Dietary administration of δ- and γ-tocopherol inhibits tumorigenesis in the animal model of estrogen receptor-positive, but not HER-2 breast cancer

in Sciences Citation Index(SCI), 科學引文索引資料庫(SCI)
標題Dietary administration of δ- and γ-tocopherol inhibits tumorigenesis in the animal model of estrogen receptor-positive, but not HER-2 breast cancer
出版類型SCI(Sciences Citation Index)
出版年度2012
AuthorsAmanda K. Smolarek, 阿曼達斯莫拉雷克, Jae Young So 蘇在永, Brenda Burgess 布蘭達伯吉斯, Ah-Ng Tony Kong 龔托尼, Kenneth R. Reuhl 肯尼斯魯爾, Yong Lin 林永, Weichung Joe Shih 施為中, Guangxun Li 李光勳, Mao-Jung Lee 李茂榮, Yu-Kuo Chen 陳與國, Chung S. Yang 楊中樞, & Nanjoo Suh 徐南珠
開始頁1310
頁數10
出版日期2012 / 11
其他編號0000
中文摘要

Tocopherol, a member of the vitamin E family, consists of four forms designated as α, β, γ, and δ. Several large cancer prevention studies with α-tocopherol have reported no beneficial results, but recent laboratory studies have suggested that δ- and γ-tocopherol may be more effective. In two different animal models of breast cancer, the chemopreventive activities of individual tocopherols were assessed using diets containing 0.3% of tocopherol (α-, δ-, or γ-) or 0.3% of a γ-tocopherol rich mixture (γ-TmT).
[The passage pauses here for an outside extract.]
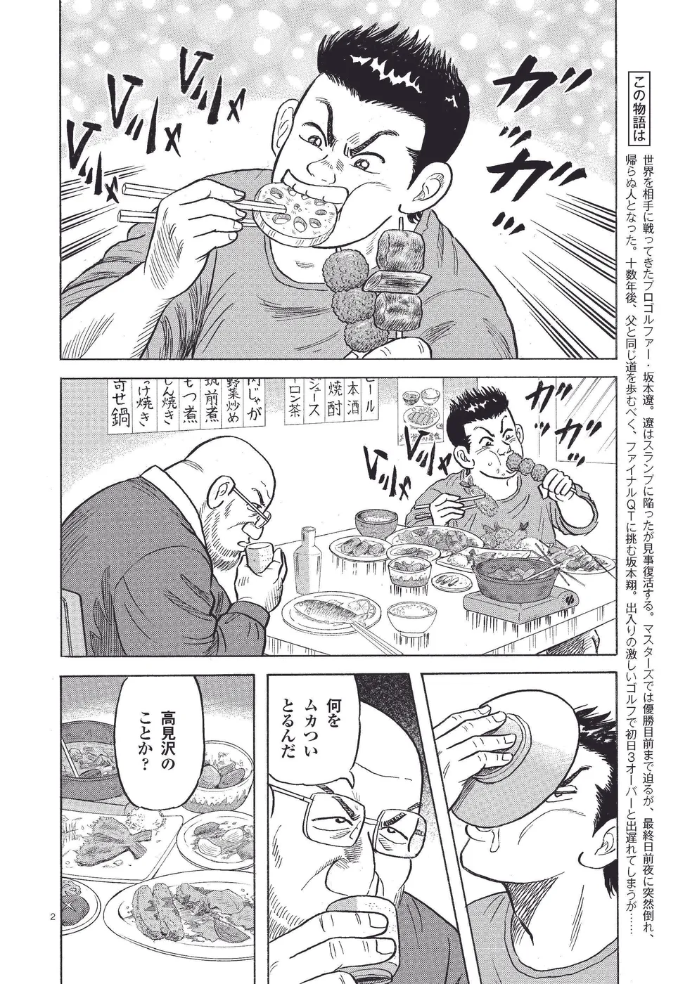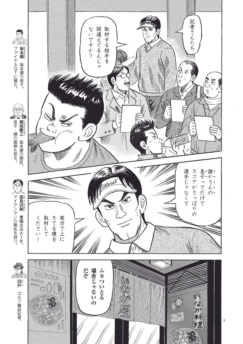 マスターズで初日から首位を独走した坂本遼だが、3日目の夜に激しい頭痛に襲われ、くも膜下出血でこの世を去った。その息子・坂本翔が18歳になり、父親の無念を晴らすべく、日本ツアーの出場権を懸けたファイナルクォリファイングトーナメント(QT)に挑戦!【毎週月・木曜日更新予定】
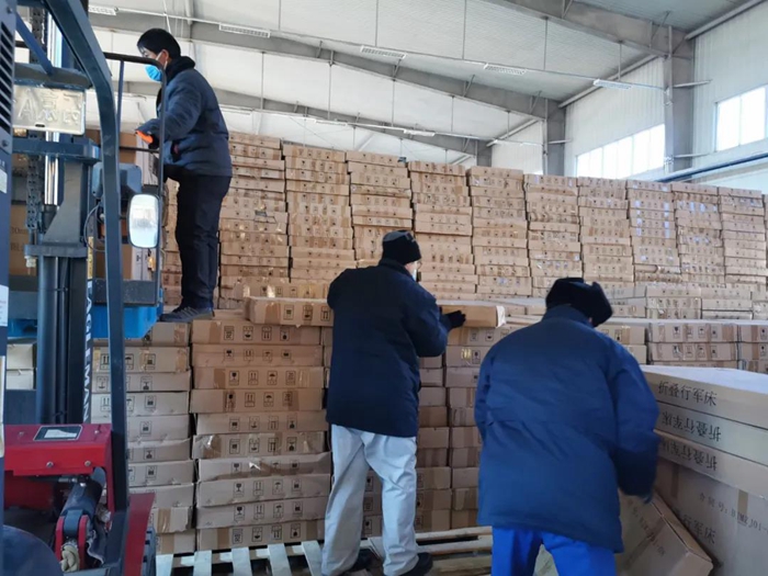 1月份,北京遭遇上世紀(jì)六十年代以來的極寒天氣,空曠的庫房溫度幾乎與室外相同,職工們的手腳被凍僵,但大家有的蹬上兩雙羊絨襪子,有的在身上、腳底貼上暖貼繼續(xù)奮戰(zhàn)在現(xiàn)場。有時(shí)午飯時(shí)間剛到,正好貨車也到了,此時(shí)沒有人會(huì)去吃飯,大家不約而同地奔向貨車,在卸完這趟車后才端起已經(jīng)發(fā)涼的飯盒……

Although administration of tocopherols did not prevent human epidermal growth factor receptor 2 (HER2/neu)-driven tumorigenesis, δ- and γ-tocopherols inhibited hormone-dependent mammary tumorigenesis in N-methyl-N-nitrosourea (NMU)-treated female Sprague-Dawley rats. NMU-treated rats showed an average tumor burden of 10.6 ± 0.8 g in the control group at 11 weeks, whereas dietary administration of δ- and γ-tocopherols significantly decreased tumor burden to 7.2 ± 0.8 g (P < 0.01) and 7.1 ± 0.7 g (P < 0.01), respectively. Tumor multiplicity was also reduced in δ- and γ-tocopherol treatment groups by 42% (P < 0.001) and 32% (P < 0.01), respectively. In contrast, α-tocopherol did not decrease tumor burden or multiplicity. In mammary tumors, the protein levels of proapoptotic markers (BAX, cleaved caspase-9, cleaved caspase-3, cleaved PARP) were increased, whereas antiapoptotic markers (Bcl-2, XIAP) were inhibited by δ-tocopherol, γ-tocopherol, and γ-TmT. Furthermore, markers of cell proliferation (PCNA, PKCα), survival (PPAR-γ, PTEN, phospho-Akt), and cell cycle (p53, p21) were affected by δ- and γ-tocopherols. Both δ- and γ-tocopherols, but not α-tocopherol, seem to be promising agents for the prevention of hormone-dependent breast cancer.